WHAT IS NEEDED:
Transcribe the listing exactly as written. Leave the images out.

DATASET CONTENT:
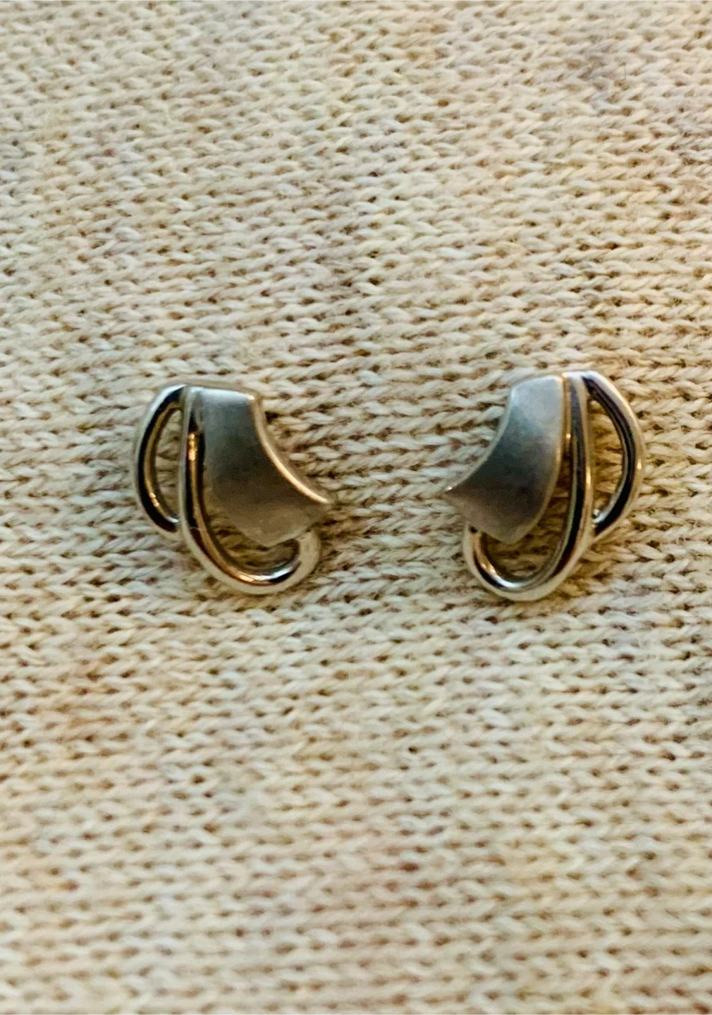 Here are some silver/brushed silver earrings. They're in new condition and ready for a new home! They have a unique design that's sure to catch the eye.
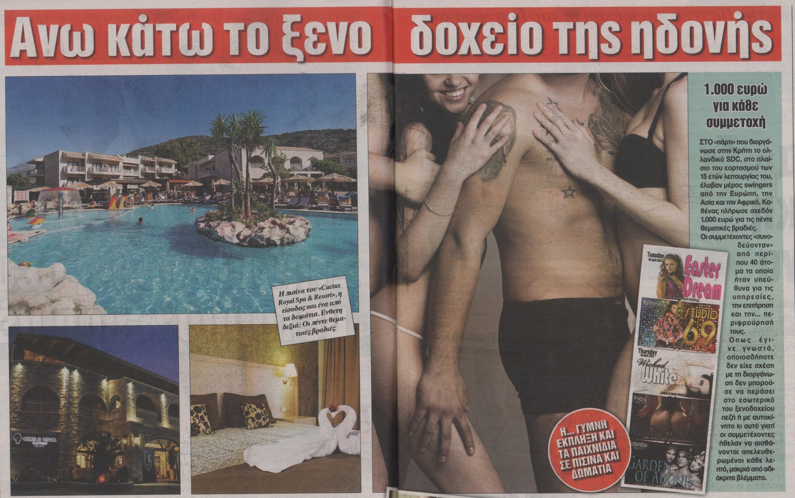 177 ζευγάρια, σύμφωνα με την εφημερίδα “Εspresso”, πέρασαν πέντε νύχτες ακολασίας στο χλιδάτο «Cactus Royal Spa & Resort» στη Σταλίδα, το οποίο μετατράπηκε σε φρούριο από τις 28 Απριλίου έως και χθες, Κυριακή, οπότε και αναχώρησαν -όπως ήταν προγραμματισμένο- οι swingers.
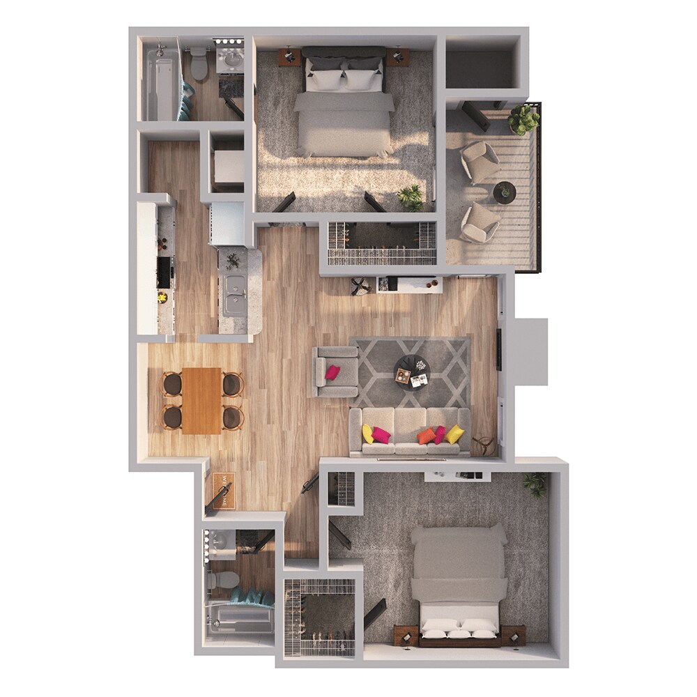 2 Dormitorios, 2 Baños, 1050 pies²Disponible AhoraGalería del Modelo
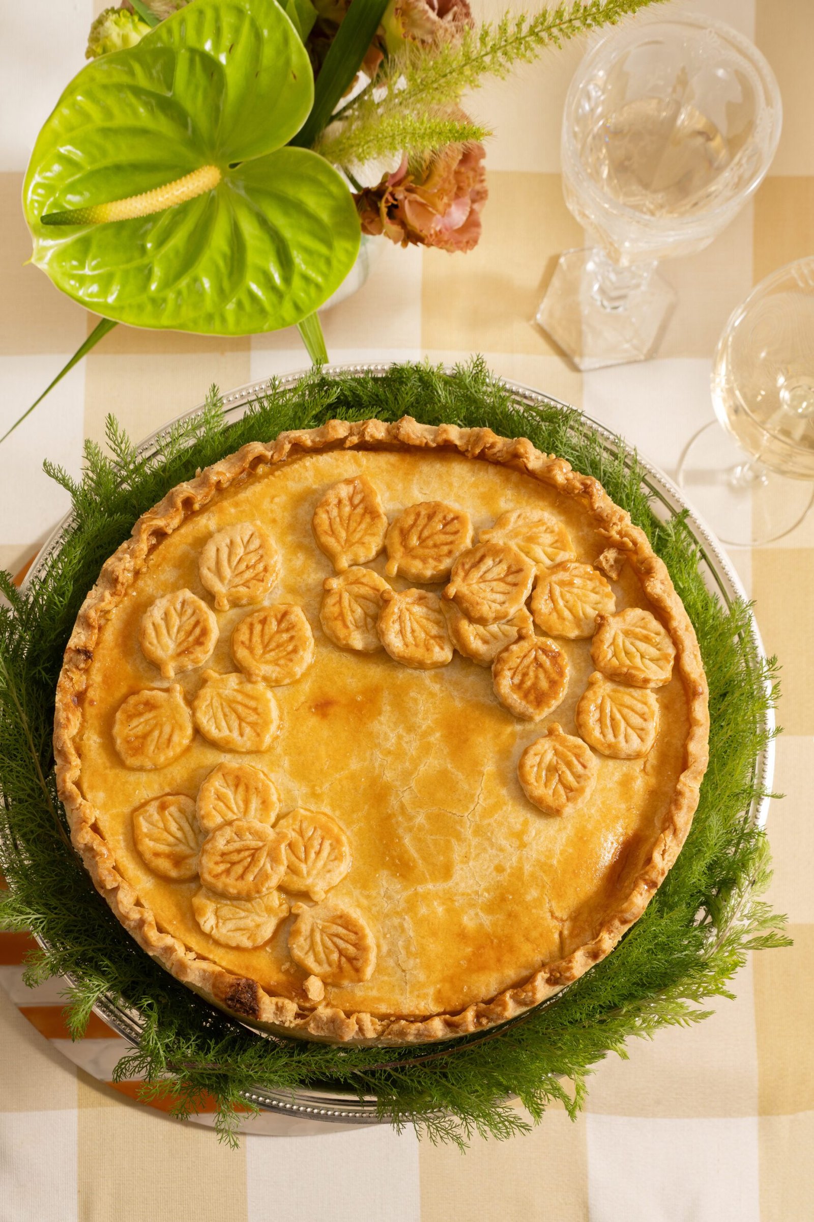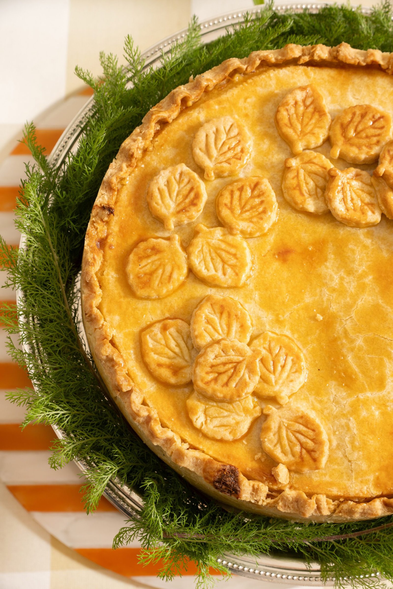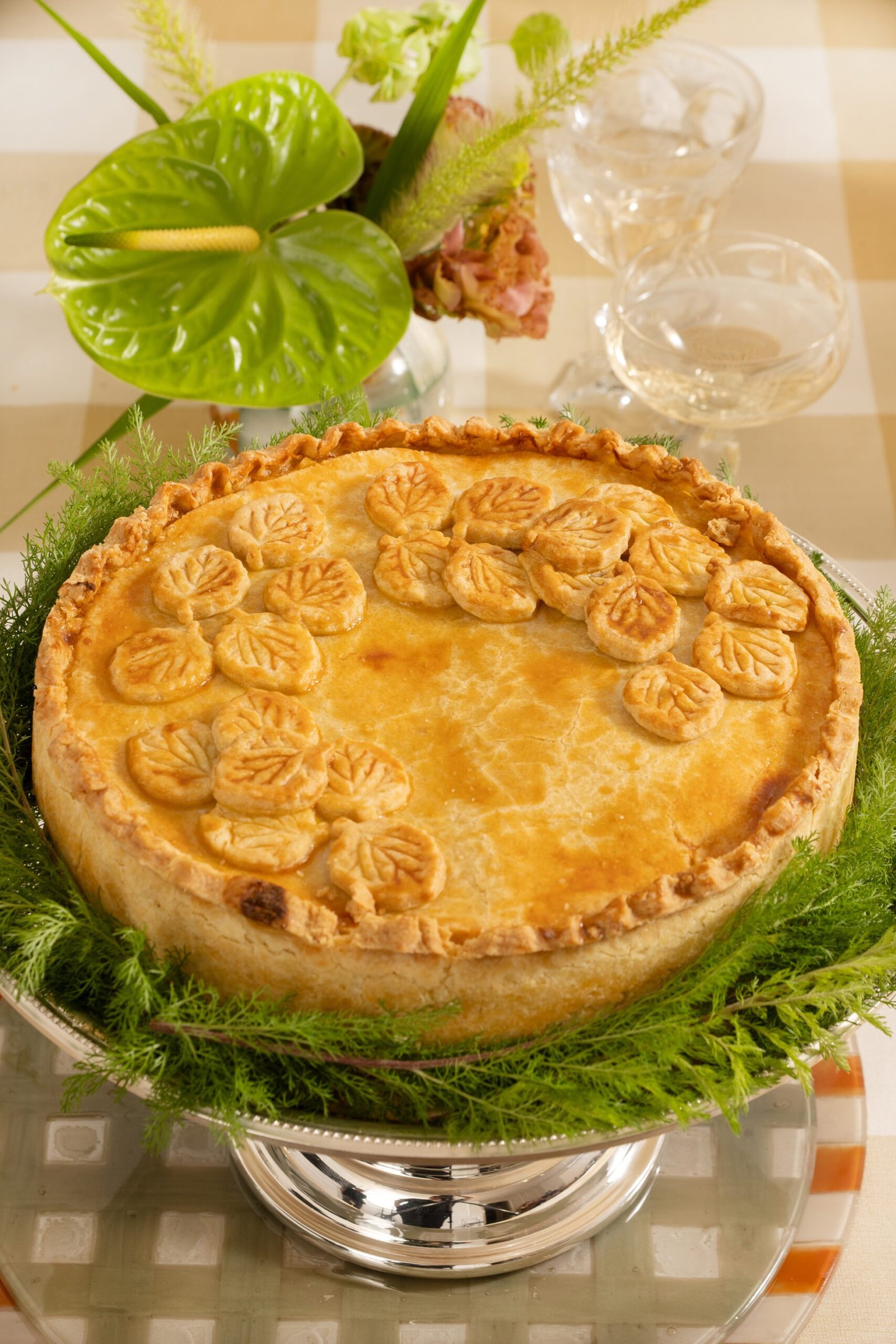 Clássica torta cremosa com recheio generoso de bacalhau desfiado e temperos suaves, trazendo tradição e conforto à mesa.

TASK RESPONSE:
 Here are some silver/brushed silver earrings. They're in new condition and ready for a new home! They have a unique design that's sure to catch the eye.
 177 ζευγάρια, σύμφωνα με την εφημερίδα “Εspresso”, πέρασαν πέντε νύχτες ακολασίας στο χλιδάτο «Cactus Royal Spa & Resort» στη Σταλίδα, το οποίο μετατράπηκε σε φρούριο από τις 28 Απριλίου έως και χθες, Κυριακή, οπότε και αναχώρησαν -όπως ήταν προγραμματισμένο- οι swingers.
 2 Dormitorios, 2 Baños, 1050 pies²Disponible AhoraGalería del Modelo
 Clássica torta cremosa com recheio generoso de bacalhau desfiado e temperos suaves, trazendo tradição e conforto à mesa.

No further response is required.